Alert	Alert Identifier	Description	Category	Instance	Severity
Kafka Broker is down	1000	Raised when the Kafka broker is not part of the cluster for at least 1 minute. i.e:host-1,host-2	Infrastructure	brokerID	INFO, CRITICAL
Zookeeper Node is down	1001	Raised when the Zookeeper node is not reachable. This is information is based on the Zookeeper JMX. If it responds to JMX queries it is considered to be running.	Infrastructure	service name	INFO, CRITICAL
Connect Worker is down	1002	Raised when the Kafka Connect worker is not responding to the API call for /connectors for more than 1 minute.	Infrastructure	worker URL	MEDIUM
Schema Registry is down	1003	Raised when the Schema Registry node is not responding to the root API call for more than 1 minute.	Infrastructure	service URL	HIGH, INFO
Under replicated partitions	1005	Raised when there are (topic, partitions) not meeting the replication factor set.	Infrastructure	partitions	HIGH, INFO
Partitions offline	1006	Raised when there are partitions which do not have an active leader. These partitions are not writable or readable.	Infrastructure	brokers	HIGH, INFO
Active Controllers	1007	Raised when the number of active controllers is not 1. Each cluster should have exactly one controller.	Infrastructure	brokers	HIGH, INFO
Multiple Broker Versions	1008	Raised when there are brokers in the cluster running on different Kafka version.	Infrastructure	brokers versions	HIGH, INFO
File-open descriptors high capacity on Brokers	1009	A broker has too many open file descriptors	Infrastructure	brokerID	HIGH, INFO, CRITICAL
Average % the request handler is idle	1010	Raised when the average fraction of time the request handler threads are idle.

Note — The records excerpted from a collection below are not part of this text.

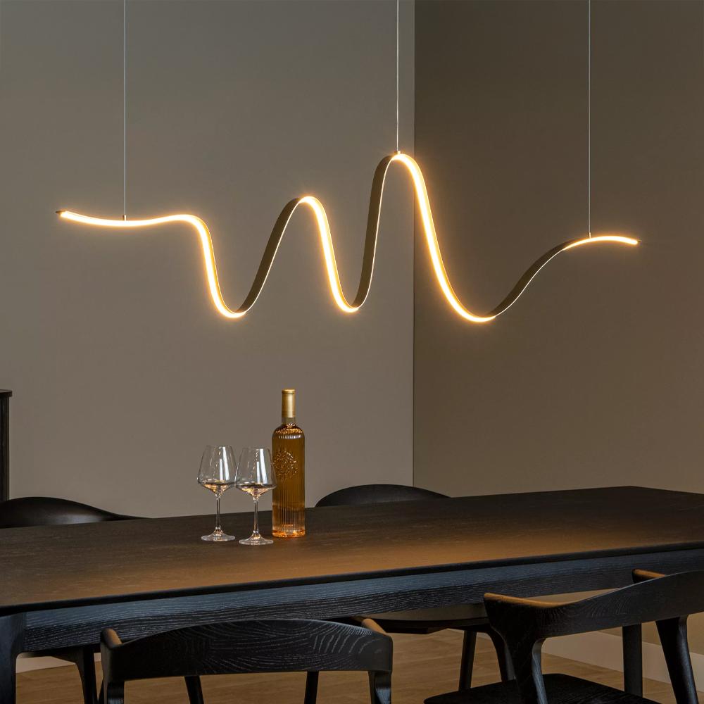 Una elegante línea baila en el techo. Lambada es una original lámpara colgante de formas orgánicas y divertidas. La lámpara colgante lleva integrada una ampolleta LED regulable con luz blanca y cálida que puede accionarse fácilmente el interruptor de pared. Para la instalación, tienes control total sobre la altura a la que cuelga la lámpara colgante. Con su forma única y exótica, Lambada proyecta la luz ideal sobre la mesa del comedor, como elemento decorativo en la entrada o como ambientador en el salón.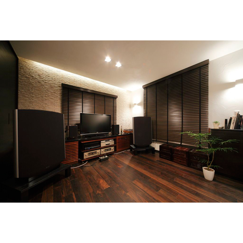 母屋のT様のお部屋はご趣味のオーディオを愉しむ為、無垢材を使いつつもシャープで都会的なイメージに。造作家具と間接照明が、オーディオの高級感をより引き立てます。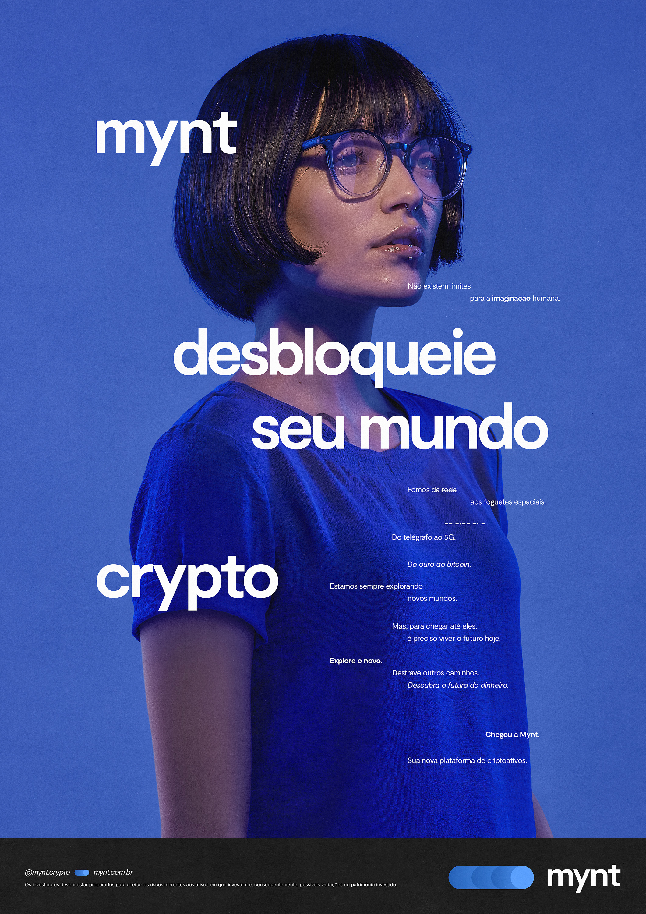 Campanha de lançamento da Mynt, plataforma de cryptoativos do BTG Pactual.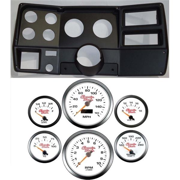 ABS UV Resistant plastic dash panel comes pre-drilled with 3 3/8 for the Speedo and Tach. The 4 smaller holes are 2 1/16.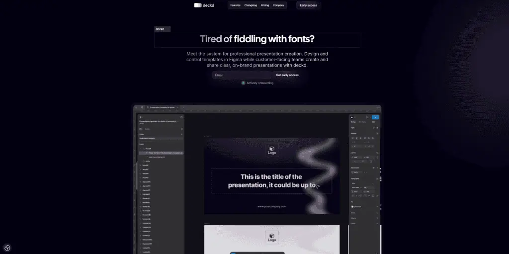 The problem with traditional presentation processes is apparent. You might spend hours transferring designs from applications like Figma, risking errors and deviations from the intended aesthetics. Often, existing templates lack updates, leading to inconsistencies across presentations. Deckd addresses these issues by allowing direct import of slide designs from Figma. This ensures that team members can easily manage text and visuals while maintaining design elements dictated by designers.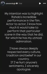 ‘मेरा इरादा फिल्म (कांतारा) में ऋषभ की शानदार परफॉर्मेंस को उजागर करने का था। एक अभिनेता होने के नाते, मैं जानता हूं कि उस खास सीन को जिस तरह से उन्होंने निभाया, उसके लिए कितनी मेहनत लगती है और इसके लिए मैं उनका अत्यधिक सम्मान करता हू। मैंने हमेशा हमारे देश की हर संस्कृति, परंपरा और आस्था का गहरा सम्मान किया है। अगर मेरी किसी बात से किसी की भावनाएं आहत हुई हैं, तो मैं दिल से माफी चाहता हूं।’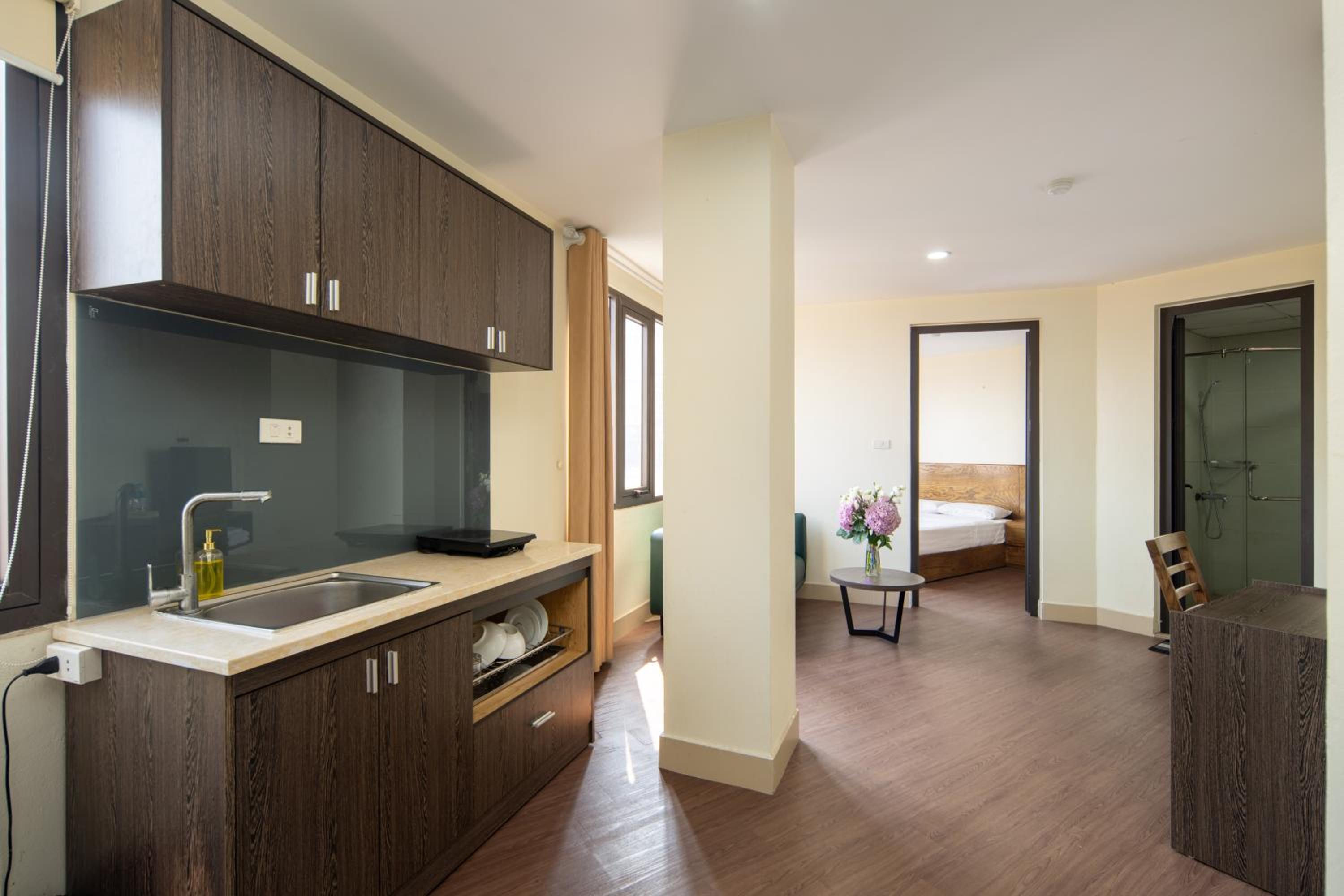 Experience the ultimate comfort at Granda Trung Hoa Apartment, a recently renovated aparthotel in Hanoi. Each unit is elegantly designed with modern amenities including a kitchen, flat-screen TV, and private bathroom.

When the valueis smaller than 0.02 the alert level is CRITICAL. When the value is smaller than 0.1 the alert level is HIGH.	Infrastructure	brokerID	HIGH, INFO, CRITICAL
Fetch requests failure	1011	Raised when the Fetch request rate (the value is per second) for requests that failed is greater than a threshold. If the value is greater than 0.1 the alert level is set to CRITICAL otherwise is set to HIGH.	Infrastructure	brokerID	HIGH, INFO, CRITICAL
Produce requests failure	1012	Raised when the Producer request rate (the value is per second) for requests that failed is greater than a threshold. If the value is greater than 0.1 the alert level is set to CRITICAL otherwise is set to HIGH.	Infrastructure	brokerID	HIGH, INFO, CRITICAL
Broker disk usage is greater than the cluster average	1013	Raised when the Kafka Broker disk usage is greater than the cluster average. We provide by default a threshold of 1GB disk usage.	Infrastructure	brokerID	MEDIUM, INFO
Leader Imbalance	1014	Raised when the Kafka Broker has more leader replicas than the cluster average.	Infrastructure	brokerID	INFO
Consumer Lag exceeded	2000	Raises an alert when the consumer lag exceeds the threshold on any partition.	Consumers	topic	HIGH, INFO
Connector deleted	3000	Connector was deleted	Kafka Connect	connector name	INFO
Topic has been created	4000	New topic was added	Topics	topic	INFO
Topic has been deleted	4001	Topic was deleted	Topics	topic	INFO
Topic data has been deleted	4002	Records from topic were deleted	Topics	topic	INFO
Data Produced	5000	Raises an alert when the data produced on a topic doesn’t match expected threshold	Data Produced	topic	LOW, INFO
Connector Failed	6000	Raises an alert when a connector, or any worker in a connector is down	Apps	connector	LOW, INFO

Last modified: July 26, 2024